Combination Sum II
26% Accepted
Given a collection of candidate numbers (C) and a target number (T),
find all unique combinations in C where the candidate numbers sums to T.
Each number in C may only be used once in the combination.
Have you met this question in a real interview? Yes
Example
For example, given candidate set 10,1,6,7,2,1,5 and target 8,
A solution set is:
[1,7]
[1,2,5]
[2,6]
[1,1,6]
Note
All numbers (including target) will be positive integers.
Elements in a combination (a1, a2, … , ak) must be in non-descending order. (ie, a1 ≤ a2 ≤ … ≤ ak).

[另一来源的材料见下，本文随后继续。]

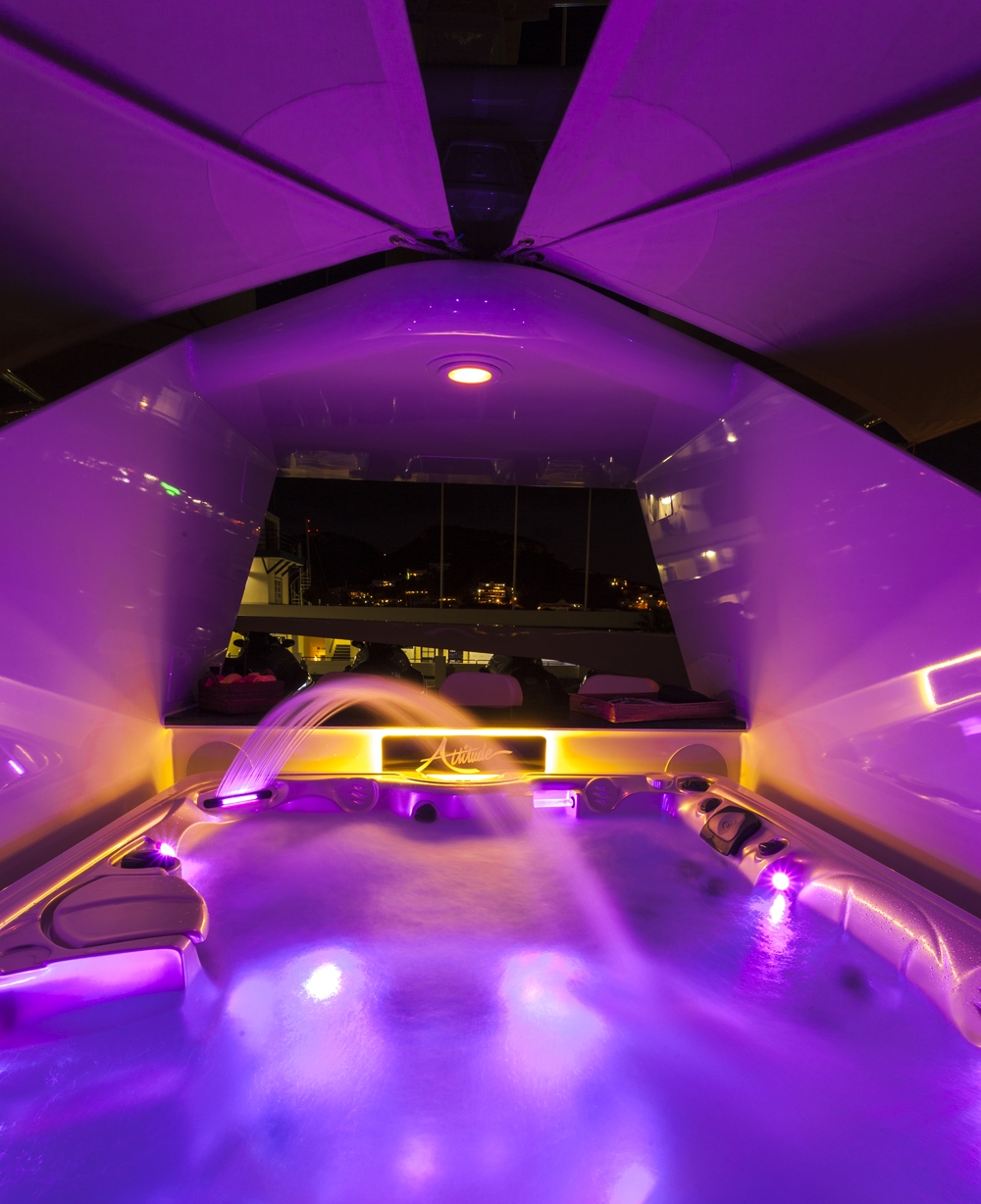 NOTABLE FEATURES for ATTITUDE: Large sundeck with sunpads, Jacuzzi and wet bar ~ Two alfresco dining ...

The solution set must not contain duplicate combinations.
Tags Expand
- Backtracking Array
- Combination Sum I变形题,只需要改一下加入条件,以及每次pos = pos + 1
进一步优化
public class Solution {
public List<List<Integer>> combinationSum2(int[] candidates, int target) {
if (candidates == null || candidates.length == 0) {
return new ArrayList<List<Integer>>();
}
List<List<Integer>> result = new ArrayList<List<Integer>>();
List<Integer> list = new ArrayList<Integer>();
Arrays.sort(candidates);
dfs(result, list, candidates, target, 0);
return result;
}
public void dfs(List<List<Integer>> result, List<Integer> list, int[] candidates, int target, int position) {
if (target == 0) {
result.add(new ArrayList<Integer>(list));
return;
}
if (target < 0) {
return;
}
for (int i = position; i < candidates.length; i++) {
/*
此处需要思考,只有当与前者元素相等,且进入下一层的情况,那么才将相同重复的元素添加
否则只会创建一个相同的list
[1,1,2,4,5,7]
第一次拿了1 然后找到了比如1,2,4
如果没有去重的话,在第二1的时候,又会创建一个1,2,4的list(此时还在循环里,两个1都在递归同层)

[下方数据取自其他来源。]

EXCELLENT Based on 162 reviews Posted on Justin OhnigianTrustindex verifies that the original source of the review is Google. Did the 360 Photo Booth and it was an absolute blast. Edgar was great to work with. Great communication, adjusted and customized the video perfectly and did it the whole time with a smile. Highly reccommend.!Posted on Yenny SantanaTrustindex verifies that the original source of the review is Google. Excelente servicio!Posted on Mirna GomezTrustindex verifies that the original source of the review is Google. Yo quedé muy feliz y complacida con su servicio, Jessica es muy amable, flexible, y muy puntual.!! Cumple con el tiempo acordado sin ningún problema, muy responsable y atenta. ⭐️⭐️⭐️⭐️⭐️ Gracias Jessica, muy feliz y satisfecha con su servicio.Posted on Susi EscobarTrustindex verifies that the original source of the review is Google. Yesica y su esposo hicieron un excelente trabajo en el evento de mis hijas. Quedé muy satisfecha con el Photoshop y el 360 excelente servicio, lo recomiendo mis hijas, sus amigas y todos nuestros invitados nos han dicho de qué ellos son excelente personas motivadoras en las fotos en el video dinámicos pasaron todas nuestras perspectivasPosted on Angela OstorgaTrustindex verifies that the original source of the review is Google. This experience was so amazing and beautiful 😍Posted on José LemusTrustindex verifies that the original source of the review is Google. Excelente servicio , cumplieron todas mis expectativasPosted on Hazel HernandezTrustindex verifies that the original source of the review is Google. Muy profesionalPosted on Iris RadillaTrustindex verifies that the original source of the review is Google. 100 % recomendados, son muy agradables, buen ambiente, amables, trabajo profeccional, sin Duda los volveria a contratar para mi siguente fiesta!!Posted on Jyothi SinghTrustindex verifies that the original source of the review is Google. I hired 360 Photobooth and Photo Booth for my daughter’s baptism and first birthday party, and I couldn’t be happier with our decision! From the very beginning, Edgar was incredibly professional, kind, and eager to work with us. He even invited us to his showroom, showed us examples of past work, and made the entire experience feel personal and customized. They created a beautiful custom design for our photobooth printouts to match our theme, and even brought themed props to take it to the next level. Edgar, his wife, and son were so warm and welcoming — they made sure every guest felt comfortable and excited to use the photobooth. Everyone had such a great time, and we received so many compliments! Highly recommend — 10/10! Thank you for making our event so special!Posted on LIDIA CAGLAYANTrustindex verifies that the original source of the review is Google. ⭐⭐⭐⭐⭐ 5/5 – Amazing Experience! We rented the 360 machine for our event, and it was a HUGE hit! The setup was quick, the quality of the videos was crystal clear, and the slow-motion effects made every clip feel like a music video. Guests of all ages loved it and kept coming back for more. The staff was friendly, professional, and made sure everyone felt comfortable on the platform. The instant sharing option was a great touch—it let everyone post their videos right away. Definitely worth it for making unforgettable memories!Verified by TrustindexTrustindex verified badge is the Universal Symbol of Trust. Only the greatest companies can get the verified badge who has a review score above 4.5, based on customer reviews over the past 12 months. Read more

只有当我们需要多个1的时候,需要取1,1,5这样的list的时候,我们才会继续添加1进去(此时第一个1在递归的下上层)
所有只有i == postion && candidates[i] == candidates[i - 1]时,我们继续,否则只能continue
*/
if (i > position && candidates[i] == candidates[i - 1]) {
continue;
}
list.add(candidates[i]);
dfs(result, list, candidates, target - candidates[i], i + 1);
list.remove(list.size() - 1);
}
}
}